We have been using a new site for reading - Reading Bear. It is comprehensive, simple and free!

READING BEAR WatchKnowLearn

It teaches how to slowly sound out the letters and blend the sounds to read the words. There are fifty lessons, each covering a different phonics sound/rule, from CVC through to multi-syllable words.

We have been using it for only the last week or so (he's seen four of the short-vowel presentations twice) and already Nikki is reading independently!!!

Ok, so he still has to sound out each letter first, and they are only CVC words, and he has known all the letter sounds for months, but I still think that with maybe 10 minutes 'work' each day it is tremendous progress! Now that he has finally figured out how to put the sounds together, I hope this program will really help with my target of getting him reading simple books on his own by age 4.

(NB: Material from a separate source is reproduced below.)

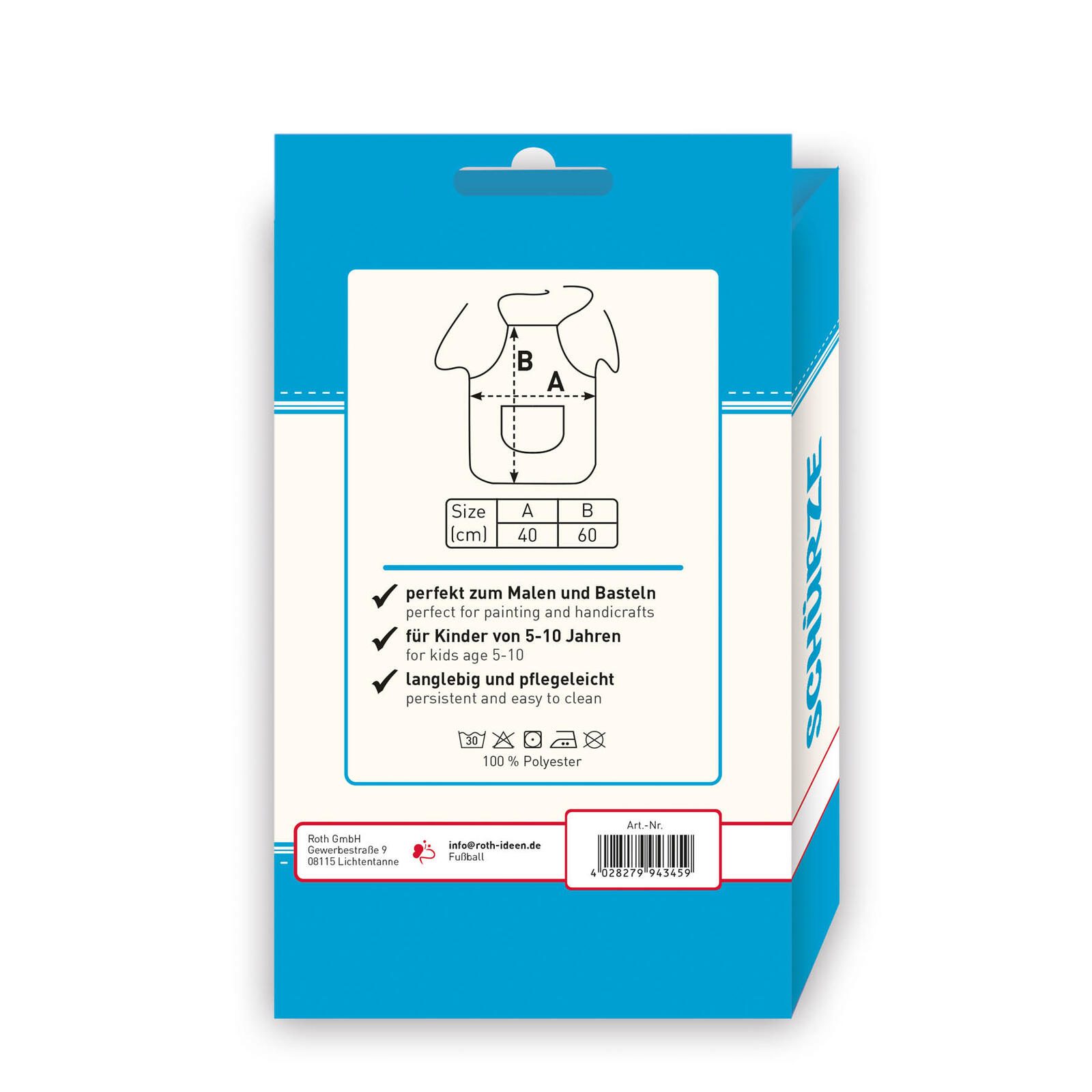 Die ROTH Kinderschürze Fußball in Einheitsgröße ist speziell für Kinder im Kindergarten- und Schulalter konzipiert und bietet optimalen Schutz beim Malen und Basteln. Gefertigt aus 100% Polyester, zeichnet sich die Schürze durch ihre Langlebigkeit und pflegeleichte Handhabung aus. Sie ist bis 30 °C waschbar, was eine einfache Reinigung nach kreativen Aktivitäten gewährleistet.
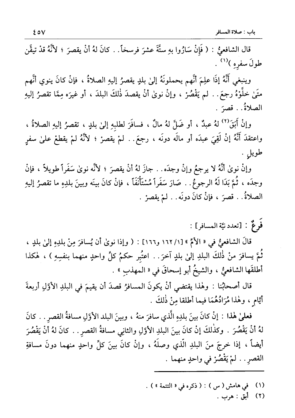قال الشافعي في "الأم" [1/162 و166] : (وإذا نوى أن يسافر من بلده إلى بلد، ثم يسافر من ذلك البلد إلى بلد آخر، اعتبر حكم كل واحد منهما بنفسه) ، هكذا أطلقها الشافعي، والشيخ أبو إسحاق في " المهذب".

The only single flaw I can see in Reading Bear is that it is American and thus the short 'o' sound sounds more like 'ah' and they teach words like 'gas' and 'pants' rather than 'petrol' and 'trousers'. Not really a major worry as the sound can be turned off and Nikki recognises that a picture of a pair of trousers is not the same as his underwear so I can easily explain the language differences when they come up.


This is the first time he saw the word got. We haven't done the short o words because he wants the voice over but I won't let him have it because the accent when sounding out is so different to how I have taught him. He worked it out all by himself!


Linking to Montessori Mondays

Tuesday, November 13, 2012

Back again!

Has it really been three weeks?! After our two weeks of Russian/birthday madness, we went away for the half term holiday. Ok, so we've been back ten days now but I just haven't been in the mood for blogging. It has been a nightmare of re-training routines and discipline and failing to get the little temper tantrum to sleep in his own bed!!!

So, I'm tired and losing control of my temper far too often and generally struggling to return to the calm Montessori atmosphere of six weeks ago. It almost doesn't seem worth it as I can't imagine the routine-less Christmas period having any kind of positive effect...

Enough. Tomorrow (because I am too sleepy right now) I will post all about the progress we have made the last couple of weeks - some very exciting news!